Вдруг Антон остановился:
– Тараса Остапенко знаешь?
– Да.
– Парализован. Лежит дома.
Новость убила. Машка распахнула глаза.
– Вот и я так же. Сегодня с мужиками у него были… – Потом тихо признался: – Мне даже думать страшно, что он сейчас чувствует… Знаешь, Маш, на какой подлой мысли я себя поймал? Да и, наверное, все мужики тоже.
Девушка вопросительно посмотрела на любимого.
– Что хорошо, что это – не со мной… Гадко, правда?!
Тут Машка не выдержала, обняла и горько заплакала на его груди.
– Это шок, Антоха! Это просто защитная реакция! Не вини себя.
Антон прижал к себе свою плачущую девочку, и до него вдруг дошло: как же он раньше не замечал, какой он, по сути, счастливый человек и как много имеет в этой жизни…
* * *
Она запретила себе думать о нём и почти не вспоминала его. Они не виделись полтора месяца. Тарас остался в далёком прошлом как символ её девичьей глупости. Но Машкина страшная новость безудержной рекой снесла плотину условностей. Правильно, неправильно – какая разница?! Сердце в одно мгновение заткнуло бубнящий о гордости ум. Серафима почти бежала, торопилась его увидеть, придумывала на ходу, что скажет ему. Где-то в глубине души она мечтала о блеске радости в его глазах и вздохе удивления: «Сима?!»
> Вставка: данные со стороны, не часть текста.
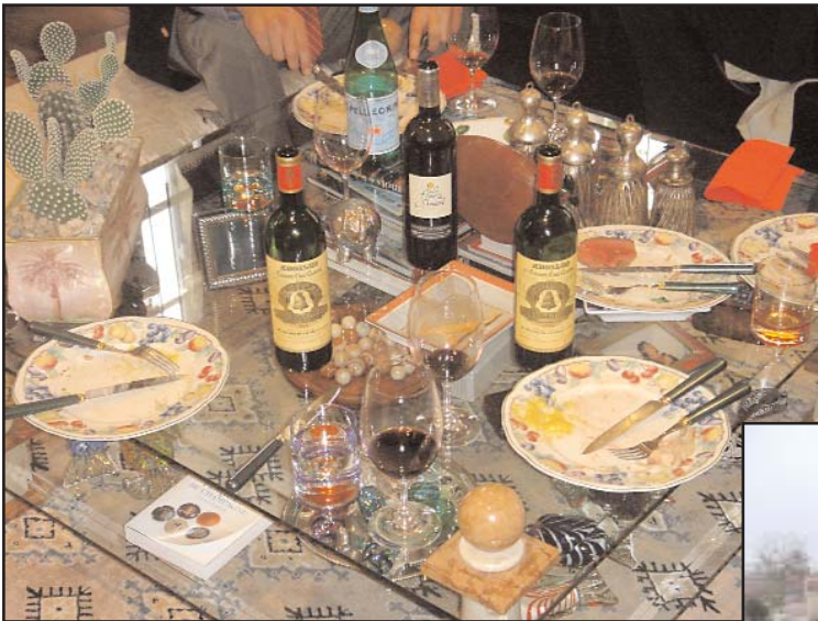
A LIGHT LUNCH AT ANGELUS

And the wines you say? Well, we loved the 2004 dry white wines,
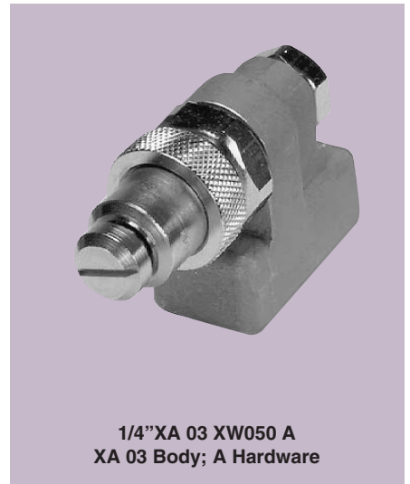
1/4" XA 03 XW050 A XA 03 Body; A Hardware
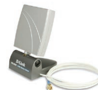
DWL-M60AT Directional Indoor Antenna
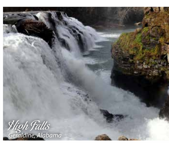
www.JacksonCountyChamber.com High Falls waterfall is considered a hidden treasure in Alabama to many state residents. Located within High Falls County Park, High Falls waterfall is 55 feet high and close to 300 feet wide! In seasons of heavy rains, the entire width of the waterfall is overflowing. The park also features a natural bridge at the bottom of the waterfalls, along with a walking bridge that crosses over the waterfall.
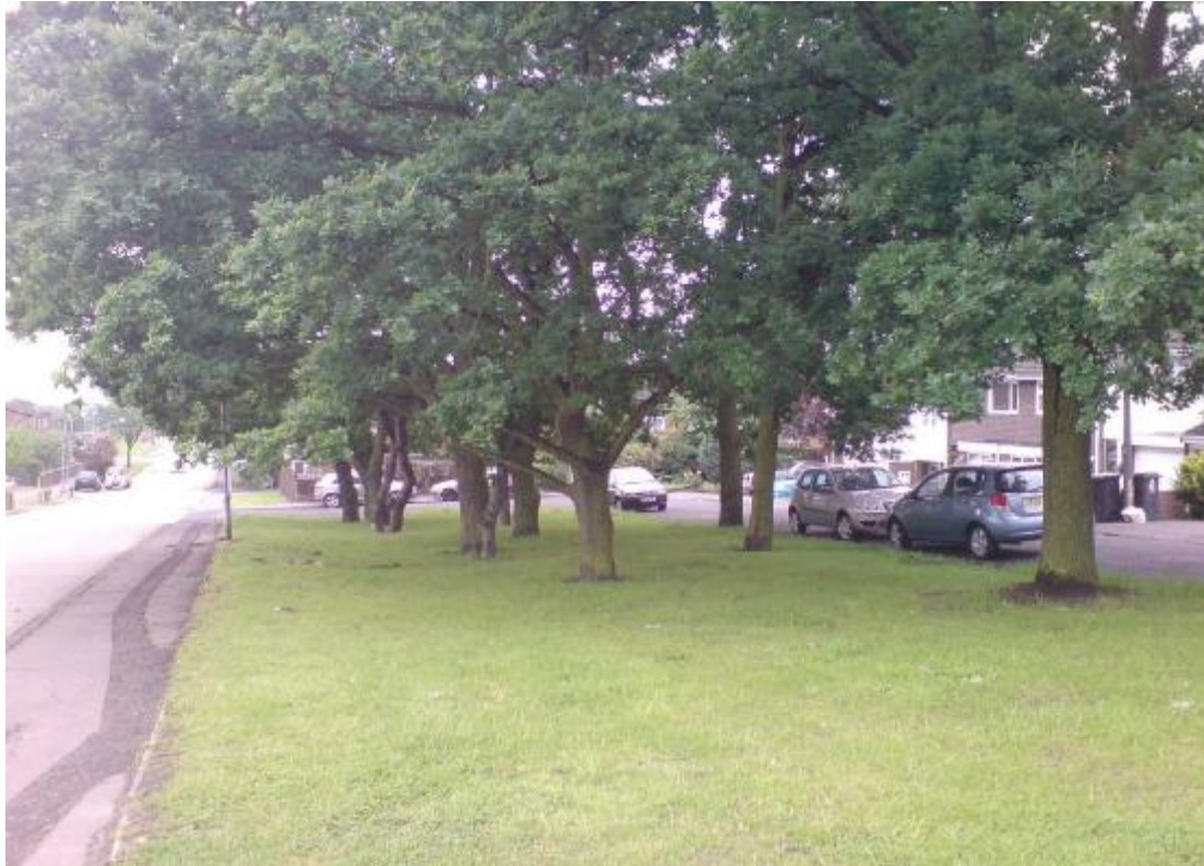
Land Surrounded By Limes Avenue, Site MO7
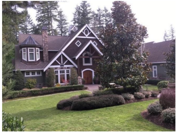
Grade 12/ Year Built 2005/ Total Living Area 5,850sf
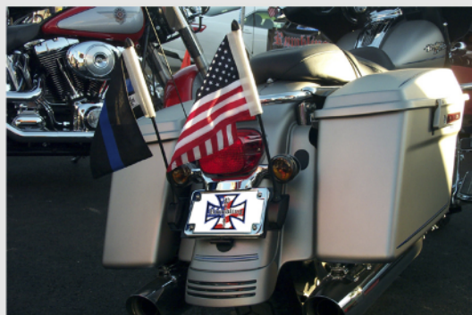
Ultra CCM Mounted on a Lay-down Plate Using Black TCM.22's
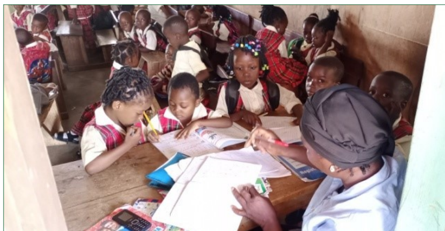
Mission school in Nigeria

From Matthew Oladele: The work of Christ to the Villages continues to focus on the daily activities of the three mission schools (Alpha Nursery and Primary Schools in Shao and Olooru, Omega College Shao) and village ministration (which includes evangelism, visitation and care for the needy). Both young and old are blessed by the word of God that we take to them each time we visit, plus the little material gifts we share. The schools are doing well.
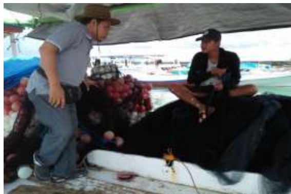
Figure 2. Purse seine fishing gear

Purse seine dimension used namely length 300-500 m, depth 30-50 m and made of polyamide twine number 6 for wing and body parts while number 9 for bag part with 1-inch mesh size (figure 2). Shortfins scads (figure 3) fishing in the Flores Sea can take place for 10 months a year with the peak season were in August-October, the usual were in November; March April; and January-February were off season. However, in reality on the ground, the seasons change and were greatly influenced by wind movements at sea. The wind was very instrumental in determining the success of fishing operations with purse seine.
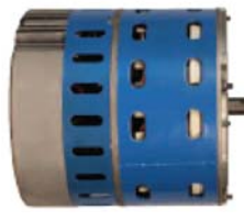
A Great Truck Stock Item

Zack Bray, Western Component Sales will present on the Azure™ Digi-Motor® from MARS. This is a perfect motor for truck stock. It is a high efficiency variable speed direct drive
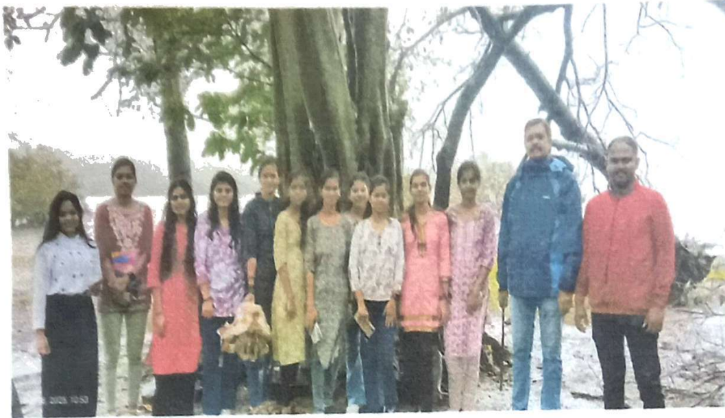
B.Sc. III and B.Sc. II (Major) students visited Kode Dam
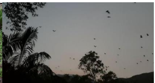
(Left) View at the end of the tour (Middle) Enjoying evening meal (Right) Flying foxes flying out at dusk
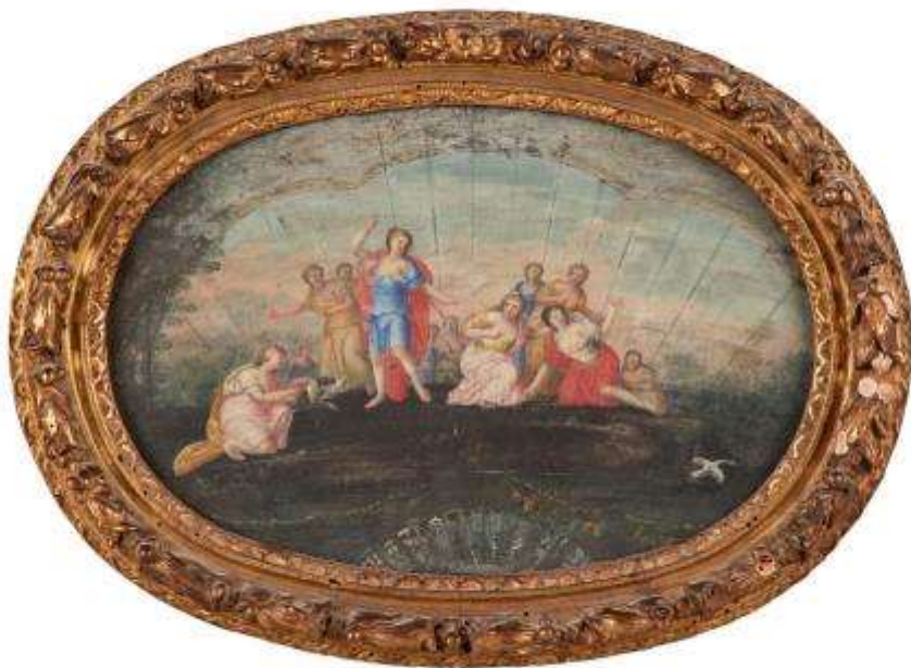
167 An 18th century French gouache design for a fan Contained within an 18th century carved giltwood oval frame, 23cm x 34cm. £500-£800
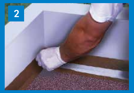
Apply a base coat of ALSAN FLASHING with a brush (500 g/m2) on the surface, lay FLASHING REINFORCEMENT and embed it in the base layer.
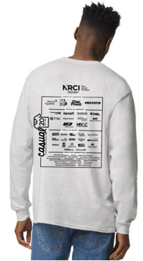
Back of shirt

Ash Grey t-shirt has CASUAL Day logo on front and sponsors on the back.
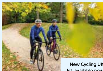
New Cycling UK kit, available now

New bike this Christmas? Protect it with £50 off Yellow Jersey bike insurance and get 15% off security marking kits with Bike Register to help combat bike theft. For a wardrobe update, check out the Stolen Goat X Cycling UK kit. Each item purchased helps fund our campaigning and charitable projects. Visit: stolengoat.com/cycling-uk . For details of all member discounts, see: cyclinguk.org/member-benefits
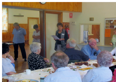
An enjoyable Afternoon Tea

Всё прошло не так, как она себе представляла. Он спал. Её поразила его бледность, а голова казалась маленькой на подушке. Сиделка, худощавая женщина лет шестидесяти, приложила палец к губам и жестом пригласила в другую комнату.
– Только заснул, – шёпотом пояснила она, затворив дверь в спальню. – Мечется, бьётся, проклинает – всё никак не смирится. А надо бы… Что поделаешь, теперь о прошлой жизни нужно забыть.
Женщина подняла глаза на гостью и, увидев немой вопрос, продолжила:
– Ещё недели две бунтовать будет. Потом смирится. Многих я повидала таких. Не он первый, не он последний. Этот ещё ничего: руки работают, только половина туловища парализована. Хуже, когда всё тело…
Только сейчас Серафима поняла: в своём эгоизме, желании быть ему необходимой она совсем забыла, насколько больно, страшно и обидно ему. Сейчас, после слов сиделки, она на минуту словно проникла в его тело и ощутила всю боль отчаяния. Сима стала задыхаться – сработала защита…
– Что? Что с тобой, девонька?! Ну-ка, ну-ка, присядь, воды попей. Переживаешь… Да как тут поможешь?!
Фраза гулким набатом продолжала звучать в её голове, повторяясь вновь и вновь: «Как тут поможешь?! Как поможешь?! Как?!» Она сделала глоток воды из чашки, заботливо пододвинутой женщиной, и поблагодарила Небо за то, что он спал и их встреча сегодня не состоялась.
Серафима тихо зашла в его комнату, склонилась над кроватью Тараса и прошептала:
– Ты обязательно поднимешься. Я не знаю как, но я найду способ.
Ночь прошла без сна, она лазила по медицинским сайтам, уснула лишь под утро. Ночью ей приснился не то врач в белом халате, не то старик в белом балахоне. Он приблизился к ней, и вдруг она стала источать сияние, и больше всего света исходило от сердца и от ладоней… Серафима проснулась, резко села на кровати и уставилась на свои руки.
«Руки как руки… Приснится же такое!» – подумала она и снова упала на подушку – досыпать.